Problem details -> Can you copy out the data exactly? Leave the images out.

Raw data ->
★ ★ ★ ★ ★ ★ ★
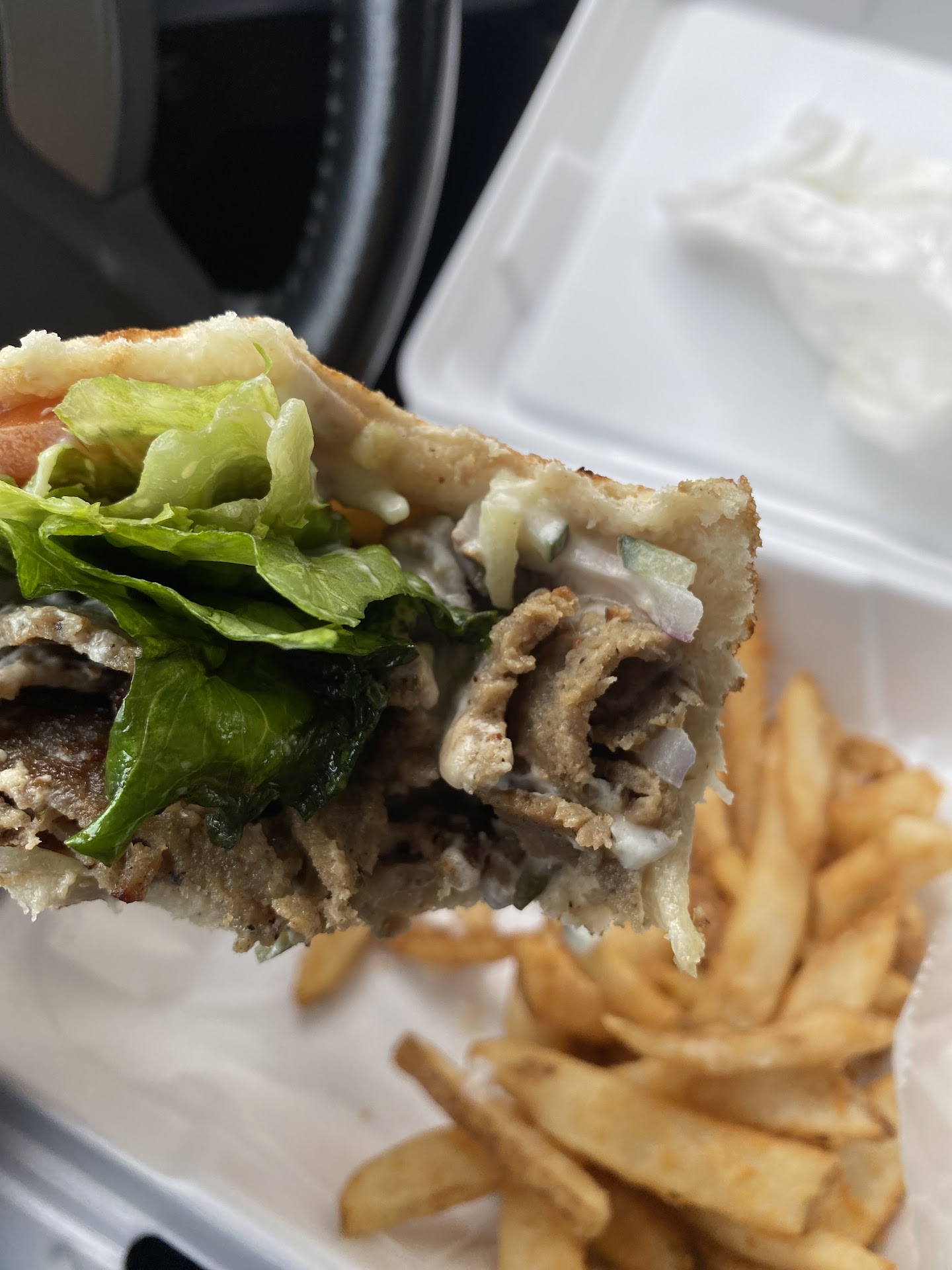 My husband got one of their bugers with fries, and I got the chicken souvlaki with a Greek salad.
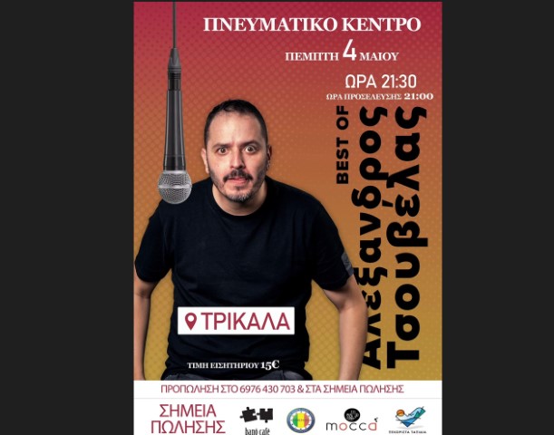 Ο Αλέξανδρος Τσουβέλας, ο κωμικός, μίμος και ραδιοφωνικός παραγωγός, θα βρίσκεται στα Τρίκαλα για μία παράσταση, την Πέμπτη 4 Μαΐου 2023.
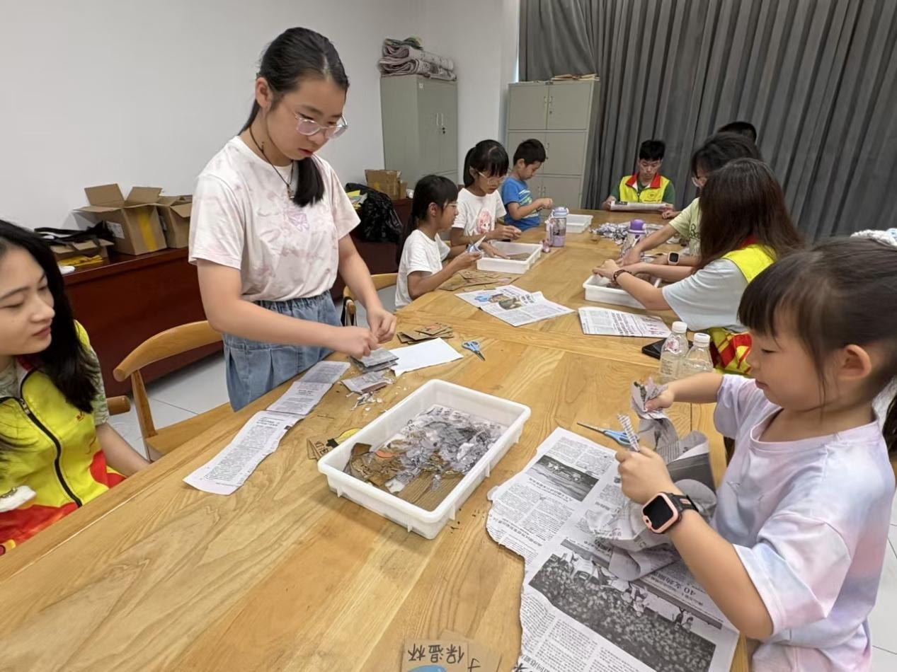 志愿者團隊還將環保與非遺結合,講解四大發明之一的造紙術,并介紹和平縣本土的“陽明紙”歷史。孩子們將前幾日廢棄的報紙、卡紙撕碎、打漿,親手體驗“廢紙再生”,最終制成環保書簽。非遺智慧與現代環保理念的融合實踐,促進和平縣的年輕一代真切感受到個人行動與社會生態的緊密聯系。
★ ★ ★ ★ ★ ★ ★
Solved exercise ->
 My husband got one of their bugers with fries, and I got the chicken souvlaki with a Greek salad.
 Ο Αλέξανδρος Τσουβέλας, ο κωμικός, μίμος και ραδιοφωνικός παραγωγός, θα βρίσκεται στα Τρίκαλα για μία παράσταση, την Πέμπτη 4 Μαΐου 2023.
 志愿者團隊還將環保與非遺結合,講解四大發明之一的造紙術,并介紹和平縣本土的“陽明紙”歷史。孩子們將前幾日廢棄的報紙、卡紙撕碎、打漿,親手體驗“廢紙再生”,最終制成環保書簽。非遺智慧與現代環保理念的融合實踐,促進和平縣的年輕一代真切感受到個人行動與社會生態的緊密聯系。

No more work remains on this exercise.